Vanderroost, Mike - Morphic Angles (2016)

I wanna know this, among other reasons, because no other paper cites this one,
nor does any other paper describe these angles, yet, when one plugs the
closest IEEE single/double float numeric approximation of the absolute numeric
value of these angles into Google Scholar (in quotes), one can find numerous,
but not staggeringly numerous, occurrences of these in the mathematics,
physics, & biology literature.

All of these seem to so far have gone unidentified as linked to the rather
generalized constructions from the above paper, because the obviousness of how
to derive it seems somewhat unidirectional. I'd explain what I mean by that
more specifically, but I actually struggle rather hard with finding the right
words for it, so, for now I can only suggest trying it out yourself and seeing
what you find!

I'll give you the IEEE float approximations I have at hand, which only cover
the 2D case derived from the golden ratio, and not the 3D case derived from
the plastic number (personally, I'd prefer if we started calling it the
radiant ratio, but I don't think that'll catch on).
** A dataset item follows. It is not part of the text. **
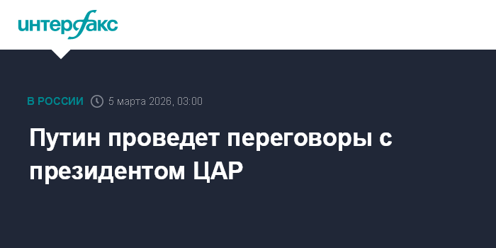 Москва. 5 марта. INTERFAX.RU - Президент РФ Владимир Путин в четверг проведет переговоры с президентом Центральноафриканской Республики Фостеном Арканжем Туадерой, который находится в России с рабочим визитом.
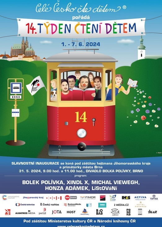 Slavnostní zahájení čtrnáctého ročníku Týdne čtení dětem v ČR, který pořádá Celé Česko čte dětem, se letos odehraje v Brně, v Divadle Bolka Polívky, a to již 31. května. Následně se díky zapojeným institucím uskuteční v městech a obcích po celé zemi. Bude se číst, vyprávět, tvořit, zpívat, hrát a sdílet radost ze společného čtení. Pozvání na slavnostní inauguraci přijali herec Bolek Polívka a spisovatel Michal Viewegh. O hudební vystoupení se postará známý zpěvák Xindl X. Součástí programu bude také oblíbené scénické čtení LiStOVáNí. Programem provede diváky moderátor Honza Adámek.

Note that I don't have
have single and double float values for them at hand right now, and that if
one wanted to thoroughly check the literature for unnoticed occurrences of
this, one'd have to factor in:

1\. the two possible representations of each type of float. I forgot the term,
but, the 'short' version typically returned by most but not all software, and
the 'long' version actually stored, which /some/ software actually outputs.
Both get accepted as the same value, of course)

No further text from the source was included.